Her next adventure is in a maze, where refugees from the evil and decadent city of Sogo are trapped. There she meets Pygar and Dr. Ping (renown mime Marcel Marceau in a speaking part). The buff Pygar is nude except for a loin cloth and his wings, but he claims to have lost the will to fly. Yet after a roll in his nest with Barbarella he discovers he can fly again. Not for the last time Barbarella’s libido is seen from a mostly male perspective. She may find it pleasurable, but it’s a reward for the men.

Their arrival in Sogo leads to some of the film’s most bizarre moments, including being rescued from a near-rape by the evil and overtly bisexual queen (Anita Pallenberg). When Barbarella passes on her invitation, the queen has Pygar crucified while Barbarella is trapped in a cage with numerous birds who begin pecking at her. Once again Barbarella escapes
bleeding and with her clothes in shreds, only to stumble into the secret lair of Dildano (David Hemmings), leader of the resistance. They, too, have sex but they do it the Earth way by taking the sex pill and then touching hands.

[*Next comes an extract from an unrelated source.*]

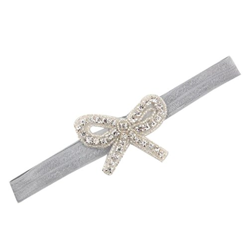 Tonsee ベビー 可愛い ヘッドバンド ラインストーン ちょう結び 髪飾り ストレッチ ヘアバンド (グレー)

It is clearly a moving experience for both of them with Dildano – somewhat nerdy and ineffective – being yet another man who benefits from Barbarella’s favors.

In return she is given an invisible key to enter the queen’s sealed chamber of dreams. On her way she sees a man trapped in a giant hookah, with woman languidly taking puffs of what they say is “essence of man.” She is captured by the queen’s concierge who now reveals himself to be Durand Durand, much aged by the evil force that powers Sogo. He plans to use his positronic ray to depose the queen and install himself as dictator. First, though, he must deal with Barbarella. He locks her in a giant organ with only her head and shoulders visible as he plays the musical instrument. It proceeds to eject her clothing and then subject her to stimulation so
intense that Durand says it will kill her. Instead, after we see Barbarella writhing and moaning in ecstasy, the machine explodes, unable to keep up with her capacity for sexual gratification.

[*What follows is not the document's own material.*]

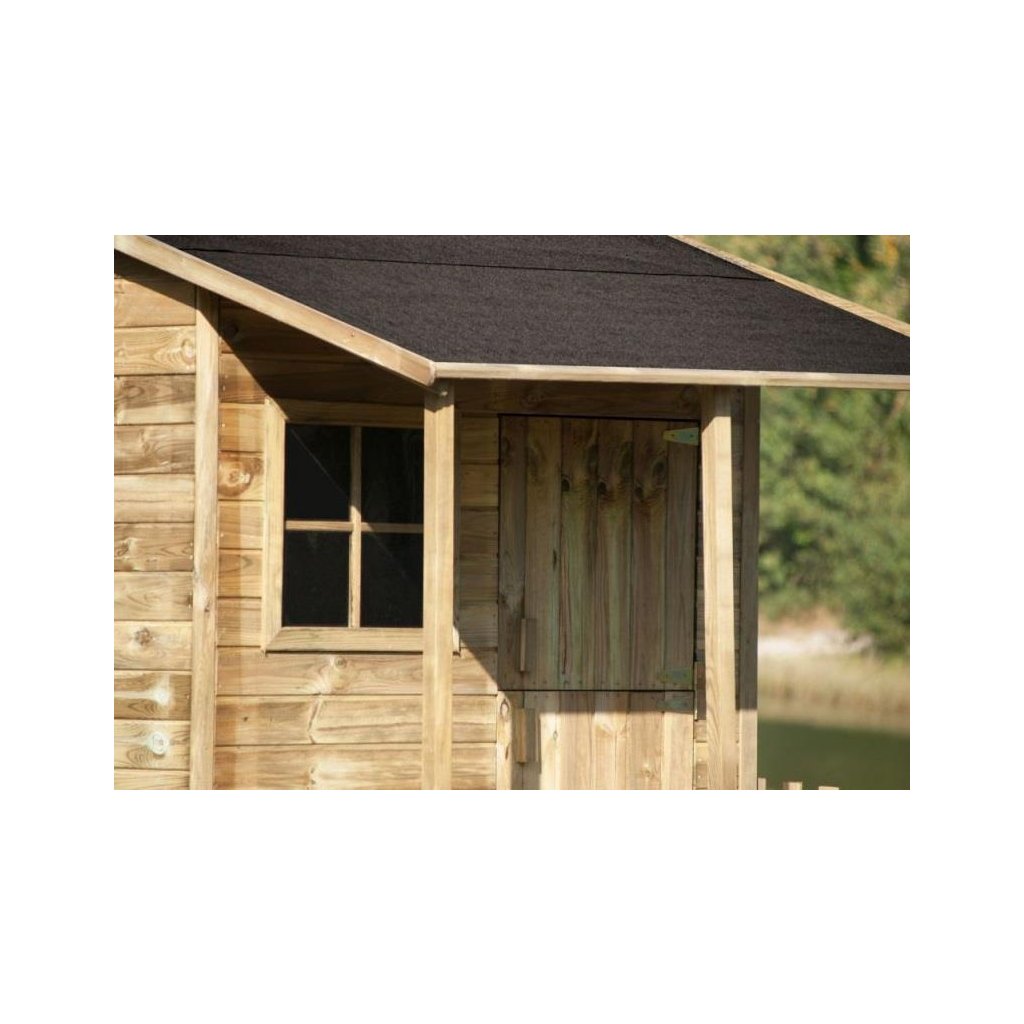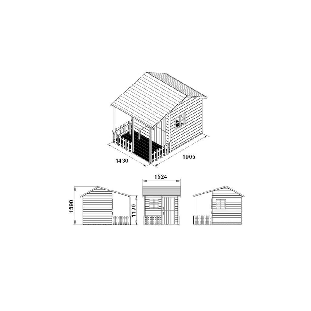 - Vybavení domku: dvoudílné dveře s oknem, 2 okna vyplněné průhledným plexisklem, lavička, zastřešená terasa, střešní krytina, sada montážních šroubů a spojovacího materiálu dle návodu.

At this point the story has spun out of control to such a degree that all that’s left is a climactic showdown in which Durand is killed, most of the population seem to have been sent to Fourth Dimension by his positronic ray, and Pygar is left to rescue both Barbarella and the queen. When Barbarella asks him why he’s rescued the tyrant who tried to kill him, he vacantly explains, “An angel has no memory.”

So, what are we to make of this movie half a century later? In some ways – indeed, in most ways– it’s irredeemably sexist. Is that enough for us to toss it on the trash heap of cinematic history? For some that will be the case and, if so, it’s not the point of this essay to convince you otherwise. However, for those wanting to see and even enjoy the film, it requires another approach. Can we hold something from the past to today’s standards? Certainly we can judge it, but should we condemn the filmmakers for failing to anticipate what the actual future world would be like rather than the imaginary cartoonish one they created on screen? That would imply that we have achieved the pinnacle of enlightenment and none of our unexamined assumptions will ever be questioned by our descendants. We ought to know better than that.

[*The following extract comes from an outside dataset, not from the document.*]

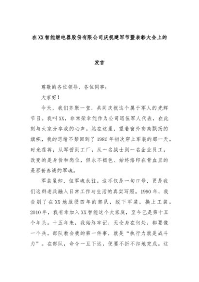 【七哥公文】2025年:在XX智能继电器股份有限公司庆祝建军节暨表彰大会上的发言+更多免费公文+VX:QiGeGongWen2024
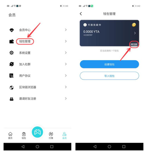 第十步、点击“钱包管理”,跳出下一页,再点击“待注册”,如下图:

Instead, take “Barbarella” as a trip in a time machine, to a time when
depicting a heroine who unashamedly embraced her sexuality was a big deal, and which posited an Earth so at peace that the weapons Barbarella would need for her mission had to be exhumed from a museum. Likewise, place it in a larger context so that we can accept Barbarella as a step forward for science fiction films from the screaming female victims of too many earlier stories. It might even be said to anticipate the more acceptable modern role models of the genre, from Princess Leia to the latest incarnation of Wonder Woman.

Barbarella,” the movie, would never be made now or if it was it would look very different. To watch it today is to be reminded of the title of author
Frederik Pohl’s memoir: it’s the way the future was.